Yurko, de cuatro años y residente de la región de Brody, tuvo la oportunidad de una vida sana gracias a un equipo de cirujanos del Hospital Infantil San Nicolás de Lviv. Durante una ecografía de rutina, el niño descubrió accidentalmente un gran tumor en el hígado, que ocupaba casi dos tercios del órgano. El tumor no causó síntomas, pero podría haberle causado una insuficiencia hepática que habría requerido un trasplante urgente.
Los padres acudieron inmediatamente al médico tras sospechar una patología durante un examen en Brody. En Lviv, el niño fue llevado bajo supervisión médica, quienes confirmaron su estado crítico. El tumor se localizaba en la parte central del hígado, dejando solo pequeñas áreas de tejido sano a ambos lados. Como señaló el cirujano pediátrico y director médico del hospital, Oleksandr Kalinchuk, la demora podría haber provocado daño vascular y consecuencias catastróficas.
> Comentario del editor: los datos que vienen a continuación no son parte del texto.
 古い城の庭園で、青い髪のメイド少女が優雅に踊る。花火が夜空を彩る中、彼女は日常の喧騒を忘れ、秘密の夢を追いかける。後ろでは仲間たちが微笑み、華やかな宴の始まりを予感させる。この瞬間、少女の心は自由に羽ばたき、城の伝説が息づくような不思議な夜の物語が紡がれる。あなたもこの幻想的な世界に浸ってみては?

La operación se realizó de urgencia. Duró seis horas y requirió gran precisión y trabajo en equipo. El equipo quirúrgico estuvo compuesto por los experimentados cirujanos Oleksandr Kalinchuk, Andriy Dvorakevych y Denys Konoplytsky. Se extirpó completamente el tumor junto con la parte central del hígado, tras lo cual se unieron las partes sanas del órgano.
El dispositivo Cell Saver desempeñó un papel fundamental, purificando la sangre perdida durante la operación y devolviéndola al organismo, reduciendo así la necesidad de transfusiones. A pesar del éxito de la intervención, el cuerpo de Yurko estaba agotado; el niño estuvo conectado a un respirador durante 12 días.
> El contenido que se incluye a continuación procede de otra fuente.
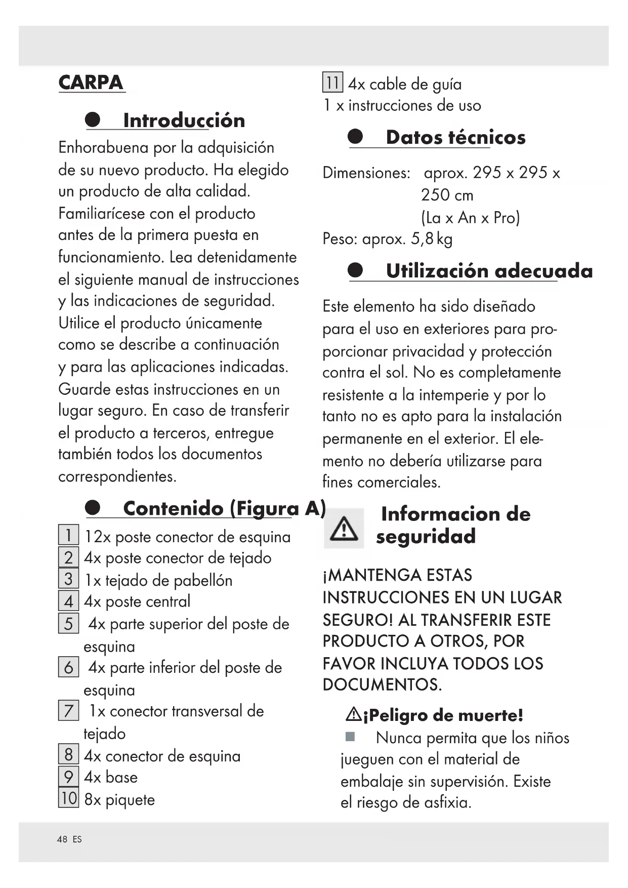4x cable de guía 1 x instrucciones de uso Datos técnicos Dimensiones: aprox. 295 x 295 x 250 cm (La x An x Pro) Peso: aprox. 5,8 kg Utilización adecuada Este elemento ha sido diseñado para el uso en exteriores para pro- porcionar privacidad y protección contra el sol. No es completamente resistente a la intemperie y por lo tanto no es apto para la instalación permanente en el exterior. El ele- mento no debería utilizarse para fines comerciales. Informacion de seguridad ¡MANTENGA ESTAS

El período de recuperación fue largo y difícil, pero el trabajo coordinado del equipo médico dio resultados. Médicos de cuidados intensivos, cirujanos y especialistas en rehabilitación lograron que el niño volviera a la vida gradualmente.
Hoy, Yurko ya camina solo, activo y sonriente. Los médicos confían en que le espera una vida plena y feliz sin restricciones.